| Exercise goal |
An exact copy of all the lines below is required, with every image left out.

| Stored data |
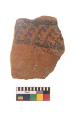 | Description / विवरण | Specimen of black on red ware with black decorative Leaf like design nature painting. |
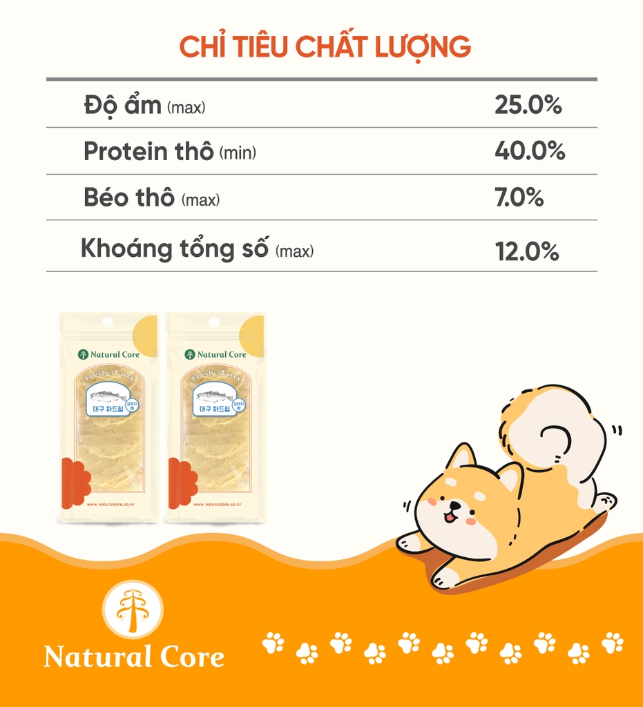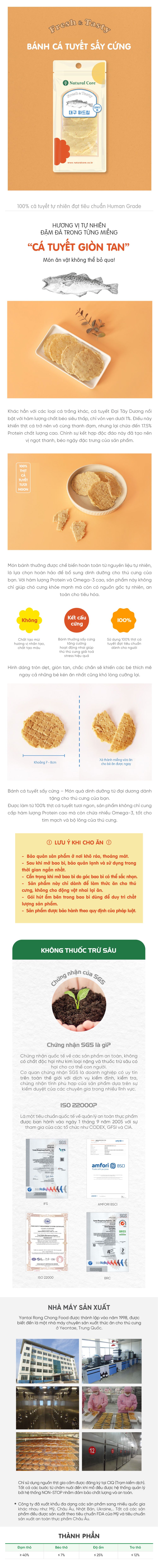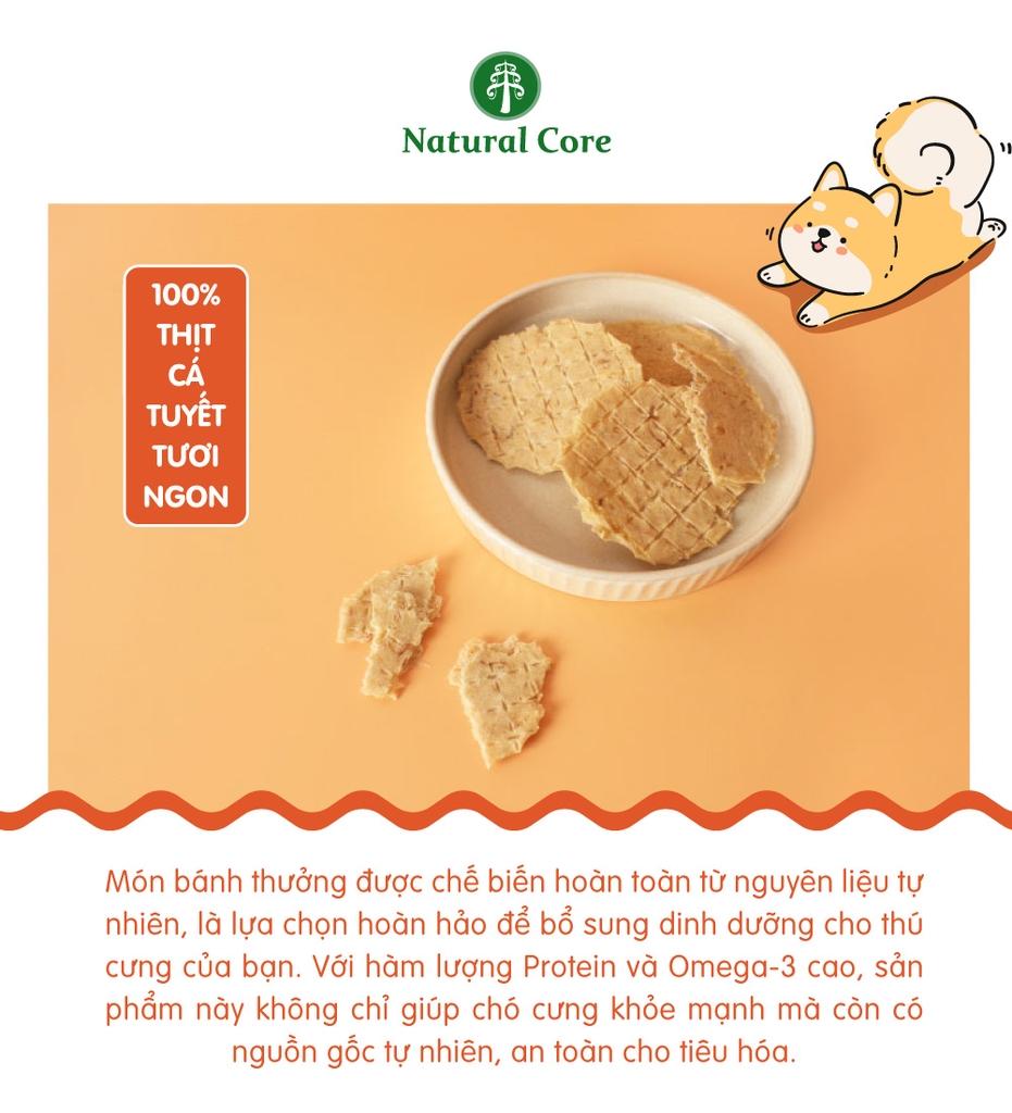 Bánh cá tuyết sấy cứng được chế biến từ cá tuyết tươi ngon, đảm bảo nguồn nguyên liệu tự nhiên, giàu protein và dưỡng chất thiết yếu cho thú cưng.
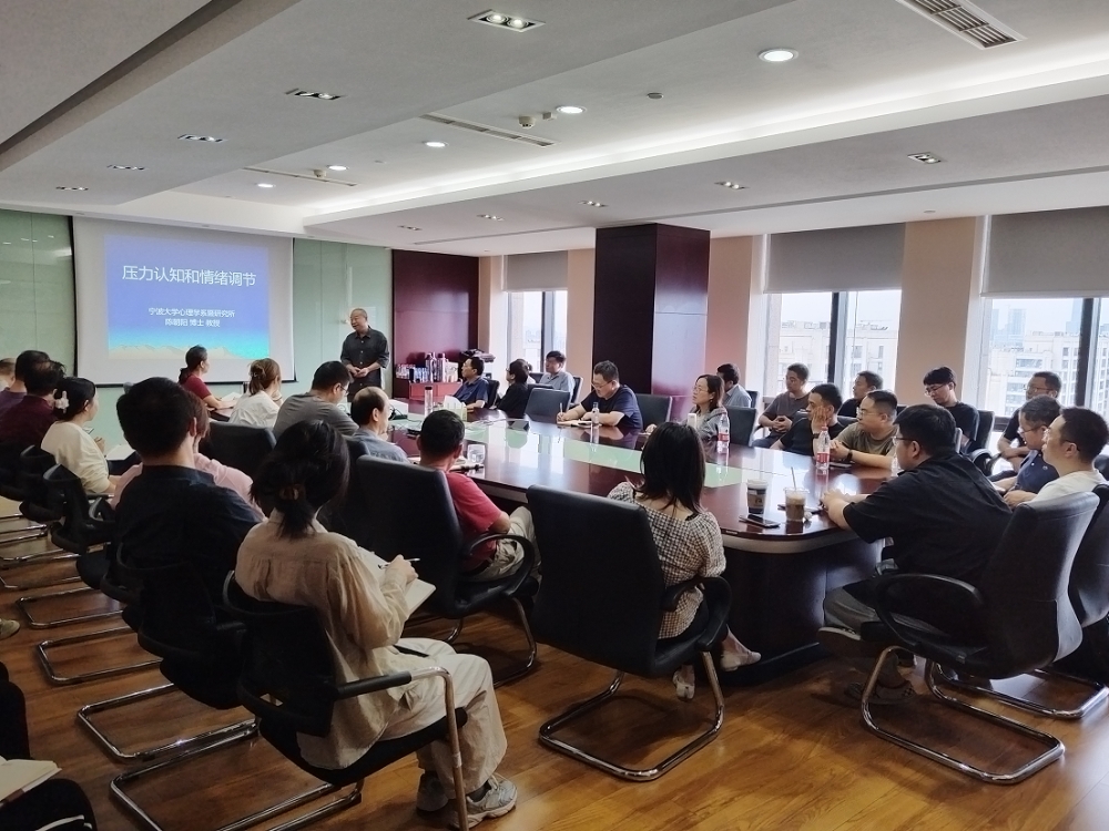 為了幫助員工理解壓力的本質(zhì)和情緒調(diào)節(jié)的方法,關(guān)愛員工身心健康,增強心理保健意識,學會科學調(diào)適心理,緩解心理壓力,10月16日下午,集團公司攜手投資公司、東元創(chuàng)投、信紀公司、電子行業(yè)協(xié)會、科寧達公司、東旭公司等7家公司50余位干部員工在公司22樓會議室開展了《壓力認知與情緒調(diào)節(jié)》培訓會。此次培訓在上級工會大力支持下,經(jīng)過精心組織和籌劃,特別邀請了寧波大學陳朝陽教授及團隊成員為我們授課。
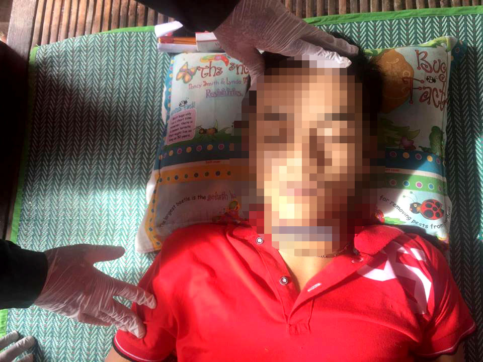 ក្រោយកើតហេតុ សមត្ថកិច្ចនគរបាលផ្នែកពិនិត្យហេតុស្រុកអង្គស្នួល បានចុះមកដល់កន្លែងកើតហេតុ ដោយចូលរួមពីលោកក្រុមប្រឹក្សា ឃុំ គ្រូពេទ្យ មេភូមិ នគរបាលប៉ុស្តិ៍ រួមនឹងឪពុកម្តាយបងប្អូនជនរងគ្រោះ បានធ្វើការពិនិត្យ រួចបញ្ជាក់ថា ជនរងគ្រោះពិតជាស្លាប់ដោយសារចងកប្រាកដមែន ដោយប្រើខ្សែគោប្រវែង៥ម៉ែត្រ ចងកភ្ជាប់នឹងធ្នឹមបន្ទប់ទឹក។

| Output |
 | Description / विवरण | Specimen of black on red ware with black decorative Leaf like design nature painting. |
 Bánh cá tuyết sấy cứng được chế biến từ cá tuyết tươi ngon, đảm bảo nguồn nguyên liệu tự nhiên, giàu protein và dưỡng chất thiết yếu cho thú cưng.
 為了幫助員工理解壓力的本質(zhì)和情緒調(diào)節(jié)的方法,關(guān)愛員工身心健康,增強心理保健意識,學會科學調(diào)適心理,緩解心理壓力,10月16日下午,集團公司攜手投資公司、東元創(chuàng)投、信紀公司、電子行業(yè)協(xié)會、科寧達公司、東旭公司等7家公司50余位干部員工在公司22樓會議室開展了《壓力認知與情緒調(diào)節(jié)》培訓會。此次培訓在上級工會大力支持下,經(jīng)過精心組織和籌劃,特別邀請了寧波大學陳朝陽教授及團隊成員為我們授課。
 ក្រោយកើតហេតុ សមត្ថកិច្ចនគរបាលផ្នែកពិនិត្យហេតុស្រុកអង្គស្នួល បានចុះមកដល់កន្លែងកើតហេតុ ដោយចូលរួមពីលោកក្រុមប្រឹក្សា ឃុំ គ្រូពេទ្យ មេភូមិ នគរបាលប៉ុស្តិ៍ រួមនឹងឪពុកម្តាយបងប្អូនជនរងគ្រោះ បានធ្វើការពិនិត្យ រួចបញ្ជាក់ថា ជនរងគ្រោះពិតជាស្លាប់ដោយសារចងកប្រាកដមែន ដោយប្រើខ្សែគោប្រវែង៥ម៉ែត្រ ចងកភ្ជាប់នឹងធ្នឹមបន្ទប់ទឹក។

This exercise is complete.